If you are an individual analyst building portfolio projects or developing skills without an organizational constraint, learn Excel first because its analytical depth is greater and Excel proficiency is a more consistently valued skill in data analyst job requirements. Then learn Google Sheets because its collaboration model and Google ecosystem integration appear frequently in smaller organizations and startups and knowing both is more valuable than knowing one deeply.
FAQs
Is Google Sheets good enough for data analysis in 2026?
Google Sheets is good enough for the majority of data analysis work that most analysts do day to day. Datasets up to a few hundred thousand rows, standard formula-based analysis, pivot tables, charts, and collaborative review of findings all work well in Google Sheets. The tool falls short of Excel for large dataset performance, complex statistical modeling, multi-step data transformation, and the depth of formula capability that advanced analytical work requires. For analysts whose work stays within those limits, Google Sheets is a fully capable tool. For analysts who regularly push those limits, Excel remains the stronger choice.
What can Excel do that Google Sheets cannot?

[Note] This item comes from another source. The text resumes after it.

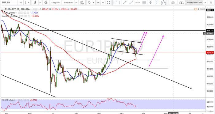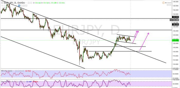 we left the big daily falling channel to the upside now price forms kind of a flag (continuation pattern)

The most significant capabilities that Excel has and Google Sheets lacks are Power Query for data transformation, Power Pivot for in-memory data modeling across very large datasets, the full VBA automation environment for desktop-based scripting, a deeper statistical and engineering function library, and performance that stays workable at row counts approaching one million. For analysts working within moderate data volumes and formula complexity, most of these gaps do not affect day-to-day work. For analysts working at the upper end of spreadsheet capability, they are meaningful limitations.
Is Microsoft Copilot in Excel better than Gemini in Google Sheets?

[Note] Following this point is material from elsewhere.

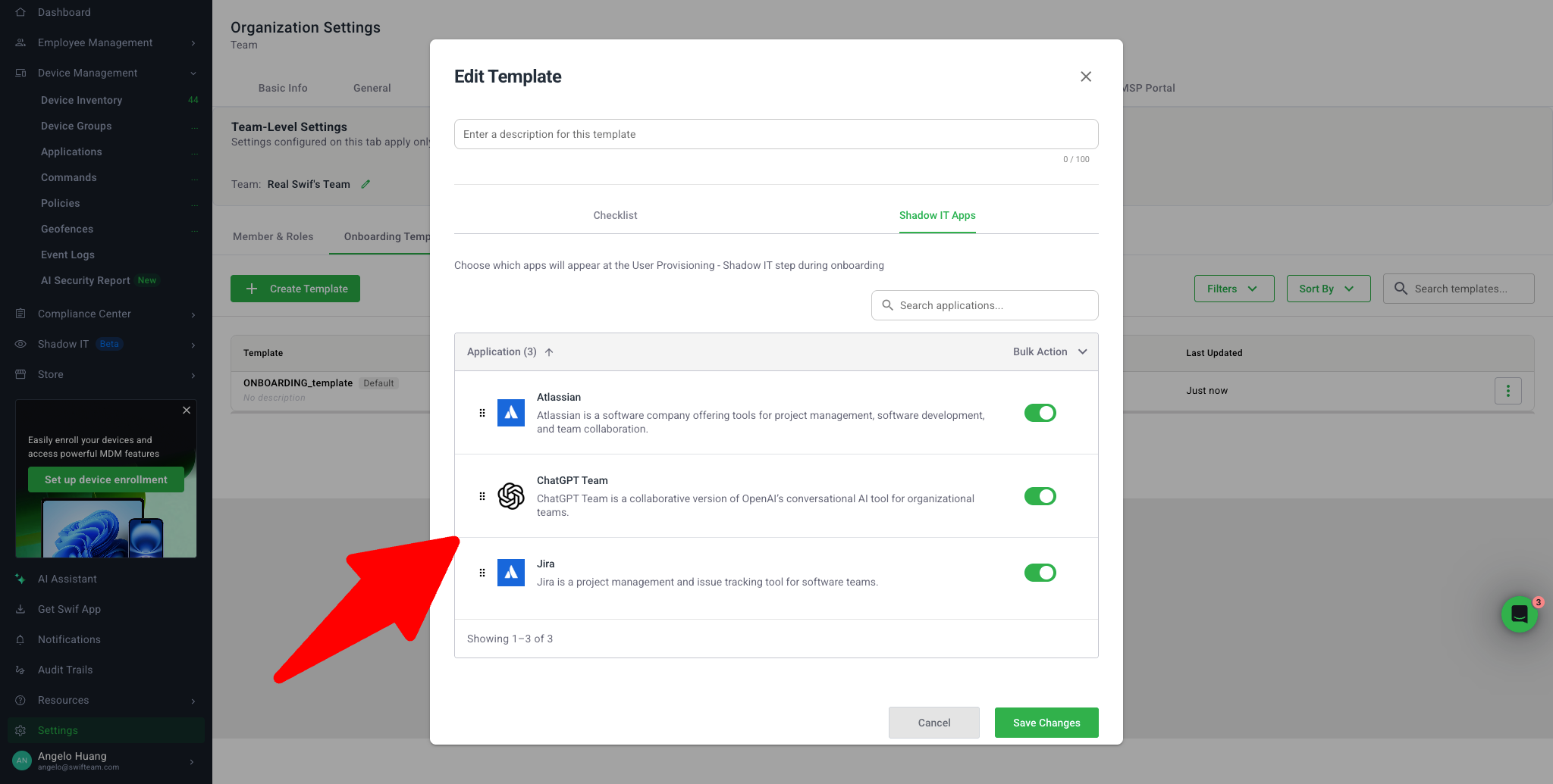 Settings → Team → Onboarding Templates → Shadow IT / Applications tab

For analytical work specifically, Copilot in Excel currently provides a more integrated experience because it can see and reason about your spreadsheet structure directly, generating formulas and pivot tables that are specific to your actual data layout. Gemini in Google Sheets has improved significantly and covers similar ground for most common AI-assisted tasks. The gap between them has narrowed over the past year. Copilot still leads for analysts who want AI to actively participate in data analysis and insight generation rather than primarily assisting with formula writing.
Which is better for collaboration, Google Sheets or Excel?
Google Sheets provides a smoother real-time collaboration experience and a simpler sharing model, particularly for sharing with external collaborators outside your organization. Excel through Microsoft 365 with OneDrive or SharePoint now supports real-time co-authoring that is functional for most collaborative use cases and integrates naturally with organizations already standardized on Microsoft 365. The practical advantage depends on your organizational context. Google Sheets is the better default for collaboration in mixed or external sharing scenarios. Excel collaboration is better when the entire team is inside a Microsoft 365 environment.
Should I learn Google Sheets or Excel first?
Learn Excel first if your goal is data analyst employability. Excel proficiency appears more frequently in data analyst job requirements and the analytical depth you develop learning Excel transfers to Google Sheets more easily than the reverse. Learn Google Sheets alongside Excel if you work in or plan to work in organizations that run Google Workspace, which is common in startups, technology companies, and education. Proficiency in both is more valuable than deep proficiency in one for most analyst roles in 2026.